Modeling what happens when the designer's expectations are not met becomes a simple matter of "shifting" the parameters of the aberrant beta distribution so that its average progressively takes on values ranging from 0.05 to 1.0. For a fraction P of jobs, execution time is selected using the aberrant beta distribution average. This results in a sequence of progressively more difficult to schedule task systems. We generated two such sequences of task systems, a pathological one in which P = 0.5 (i.e., a beta average higher than 0.05 was used with probability 0.5), and a more reasonable (i.e., less pathological) one in which P = 0.1.
We executed these task systems on the same hardware platform considered in Sec. 3. In each experimental run, each task system was executed for one minute. Two metrics were recorded for criticality levels B and C. 9 The deadline-miss ratio is the fraction of all deadlines that were missed. The average relative response time is the average ratio of the response times of tasks to their periods. (This allows tardiness to be assessed in a unified way.) In total, 51,504,417 trace records were collected, consuming 1.15 GB of disk space.
In Fig. 6 , the obtained results for these metrics are plotted. The insets in the left column show results for the P = 0.5 experiments; the insets in the right column show results for the P = 0.1 experiments. In each inset of this figure, the x-axis gives the assumed beta distribution average for each job with probability P . Thus, the task systems corresponding to x = 0.05 are those where (as expected by the designer) level-C execution costs occurred on average, x = 0.5 are those where level-B costs occurred on average with probability P , and x = 1.0 are those where level-A costs occurred on average with probability P .
Recall that our implementation of MC 2 supports optional budget enforcement, forcing tasks running at criticality level l to execute for no longer than their configured level-l execution budget. Our experimental data revealed that this feature has a significant effect on performance degradation when the system is under load. Thus, in Fig. 6 , we plot curves for task systems both with and without budget enforcement enabled.

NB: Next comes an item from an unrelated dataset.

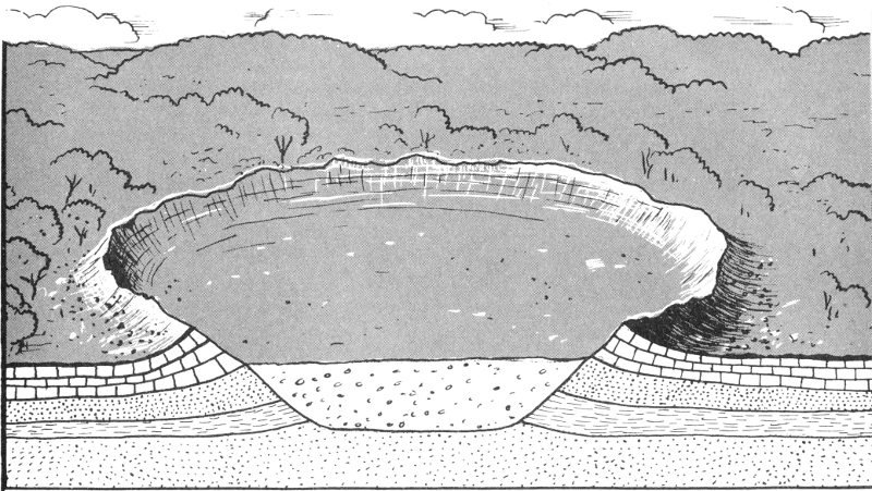 The first thing to be said on this subject is, of course, that not all holes in the ground, however large and impressive, were necessarily formed by the impact of meteorites. Features that resemble meteorite craters may result from certain ordinary earth-processes. For example, the rock layers underlying a particular area may be dissolved away by waters circulating beneath the surface of the ground. The overlying crust will eventually collapse into the empty space, and what geologists call a “sink hole” or a “sink” is formed. Many such sinks surround the genuine meteorite crater near Odessa, Texas, and at times have been mistaken for the real thing.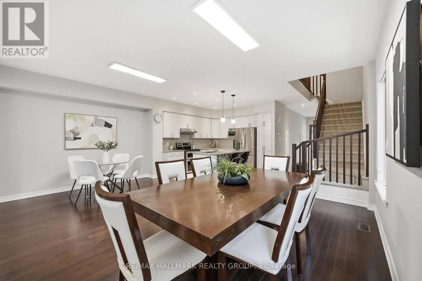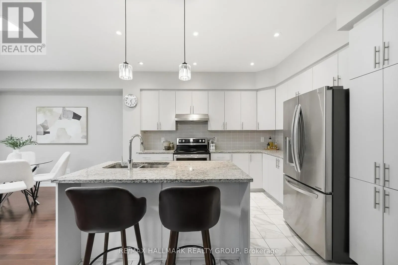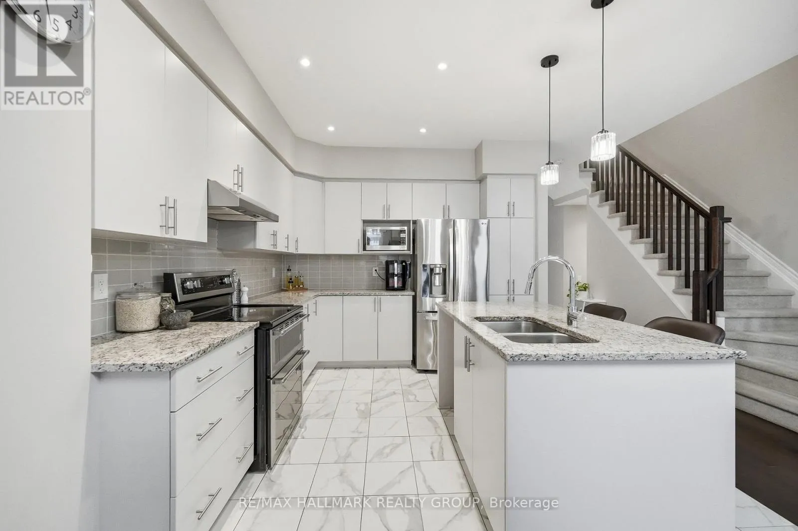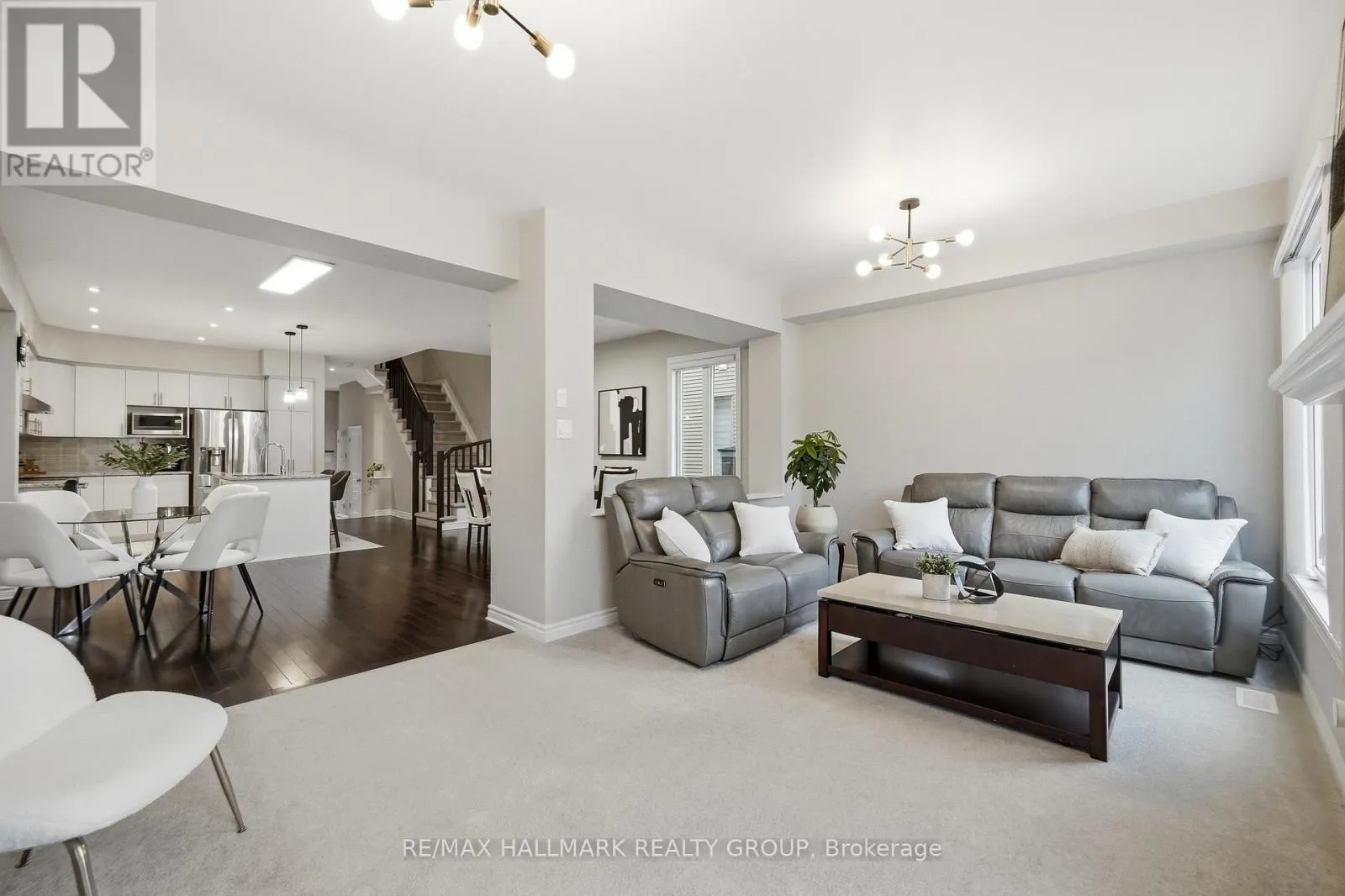 Cross Streets: Brian Coburn Boulevard and Fern Casey Street. ** Directions: Brian Coburn Boulevard, South on Fern Casey Street, West on Axis Way, North on Compass Street, West on Rainrock Crescent, South on Wild Calla Way OR Renaud Road, North on Compass Street, West on Rainrock Crescent, North on Wild Calla Way. Welcome to 137 Wild Calla Way, a beautifully upgraded Richcraft Fairhaven End Unit townhome offering approx 2,539 sq ft of total living space, located in the desirable Bradley Estates community in Orleans. A rare 4 bedroom layout with the builder loft professionally converted to a 4th bedroom & 3 bathrooms, this home provides both space and functionality for modern living. Main level features a bright open concept design with hardwood flooring throughout the main hallway & dining areas. The inviting living room is finished with cozy carpeting, a gas fireplace & access to the backyard. The modern white kitchen overlooks the living space and includes stainless steel appliances, double oven, ice-maker fridge, centre island with double sink & breakfast bar, and plenty of cabinetry for storage. Upstairs you will find 4 spacious carpeted bedrooms including the primary suite, along with the convenience of second-floor laundry. All 3 bathrooms feature granite countertops, with upgraded power showers in the primary ensuite & second bathroom, and the main bath includes tile extended to the ceiling. Additional upgrades include oak stairs, modern light fixtures in the living room, kitchen island, dining room and primary bedroom, flow-through humidifier, central air conditioning, updated kitchen faucet, and plumbing improvements including new sink stoppers in all bathrooms & the powder room. The home has also been freshly painted throughout with updated baseboards. The finished lower level recreation room provides additional living space, while a large unfinished storage/utility area offers excellent storage potential. Outside, enjoy extended driveway parking with interlock for two vehicles, a single garage with inside entry featuring built-in tire rack and custom storage, plus a convenient side storage shed. Located close to parks, schools, transit, and everyday amenities, this move-in ready end unit offers comfort, upgrades, and an excellent family-friendly location! (id:27476)

Level B. To understand the level-B system's resistance to failure, we must look at system behavior when the execution times of tasks exceed their level-B execution costs, i.e., when x begins to exceed 0.5. As the level-B system is HRT, we are primarily concerned with the deadline miss ratio (insets (e) and (f) of Fig. 6 ). The level-B results illustrate the surprising flexibility shown by the system when budget enforcement is disabled. Without budget enforcement, overrunning tasks that would otherwise be forced to wait for their next release (and miss their deadlines) instead continue to run as the highest priority tasks in the system. This gives the system additional room to compensate for aberrant task execution behavior.
We can see this improvement in the P = 0.5 results of inset (e), where half of the jobs draw their execution times from the aberrant beta distribution. With budget enforcement, the deadline miss ratio rises to 10% at x = 0.4 and 50% at x = 0.6 (though in inset (a), we see that the average relative response time exceeds 1.0, i.e., the average task is tardy, only for x ≥ 0.8). However, without budget enforcement, we see that deadline misses begin to rise only after half of the jobs are executing for x = 0.8, on average (or 60% more than their level-B budget). [4]

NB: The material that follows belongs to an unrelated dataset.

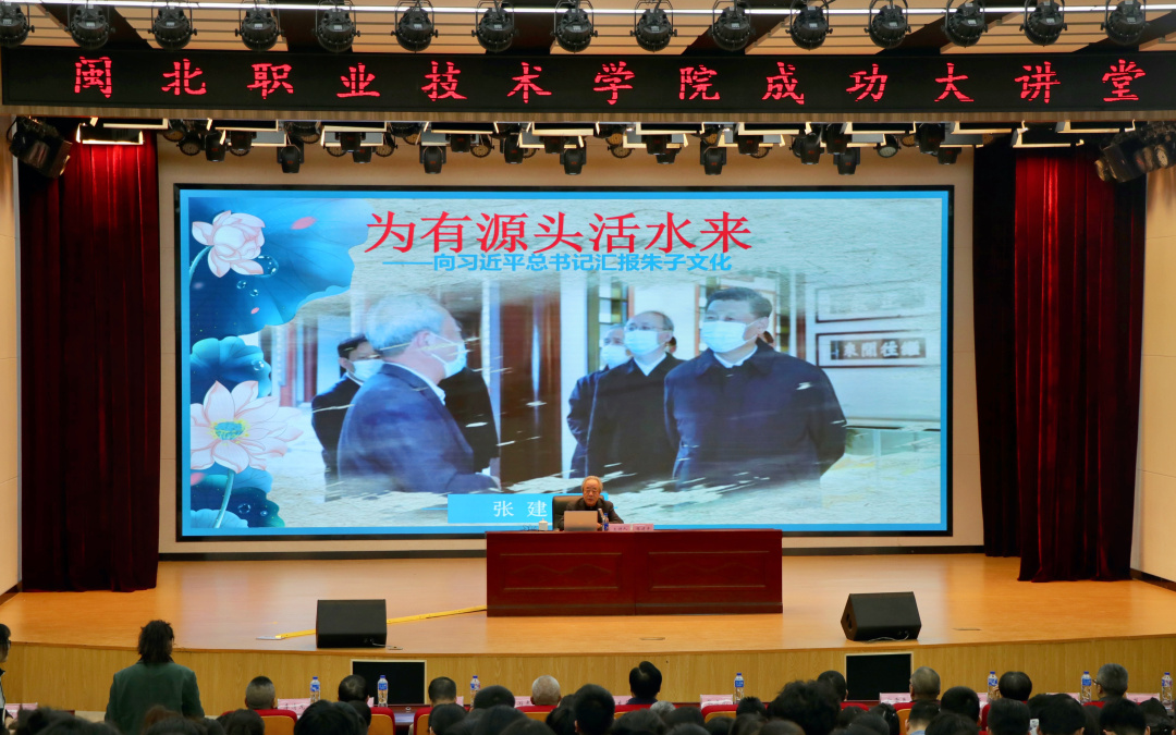 2023年12月13日下午,中国作家协会会员、福建省文史研究馆馆员🎶、中国朱子学会顾问、第四届南平市政协主席张建光莅临我院成功大讲堂,以《为有源头活水来——向习近平总书记汇报朱子文化》为题,作主题教育专题讲座。学院领导🙍🏼‍♂️、全体教职工、部分学生代表💫、共建村党员代表等现场聆听了讲座,学院党委书记谢友平主持讲座。

(e) Deadline miss ratio, P = 0.5. [2]
[3]
[4]
(f) Deadline miss ratio, P = 0.1. Figure 6 : Scheduling metrics for our task system with different means for a "shifted" beta distribution, with trend lines included for clarity. Numeric labels ( [1] through [4] ) are printed near each curve for clarity. If two curves have nearly identical data points (i.e., overlap), their labels are printed horizontally (e.g., " [3] [4]").

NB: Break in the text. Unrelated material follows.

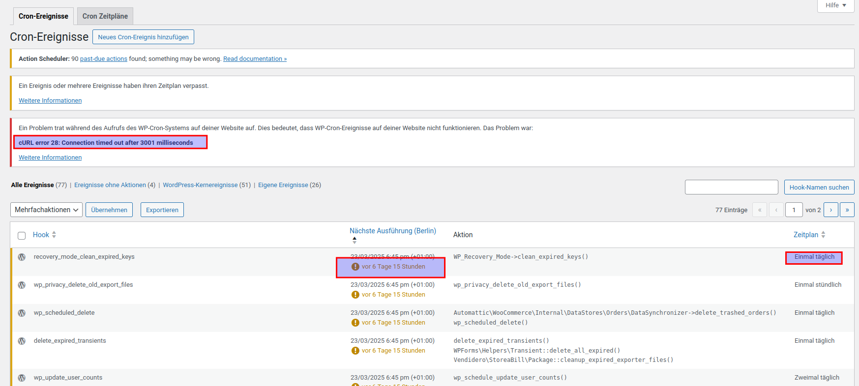 WP Crontrol berücksichtigt Zeitzonen, warnt Sie vor Ereignissen, die keine Aktionen enthalten oder ihren Zeitplan verfehlt haben, und zeigt Ihnen eine hilfreiche Warnmeldung an, falls Probleme mit Ihrem Cron-System festgestellt werden.

The system is even more flexible in the less pathological P = 0.1 case (inset (f)). With budget enforcement, the deadline miss ratio begins to rise as 10% of tasks approach their level-B execution times, though it never exceeds 0.2. Without budget enforcement, the deadline miss ratio hardly increases even when these tasks execute for their level-A execution time, on average. These results lead us to conclude that, without budget enforcement, the level-B system can maintain correctness in the presence of significant task execution failures before degrading entirely.
Level C. The analysis for level-C tasks is similar to level-B tasks, except that we are more concerned with relative response times, as level C is SRT and may be tardy by a bounded amount (i.e., relative response times exceeding 1 are allowed). We focus on insets (c) and (d), which show relative response times as average task execution times drawn from the shifted distribution rise to 10% of our level-A execution budget, or twice the level-C execution budget (the data in these insets corresponds to that in (a) and (b) for x ∈ (0, 0.1]).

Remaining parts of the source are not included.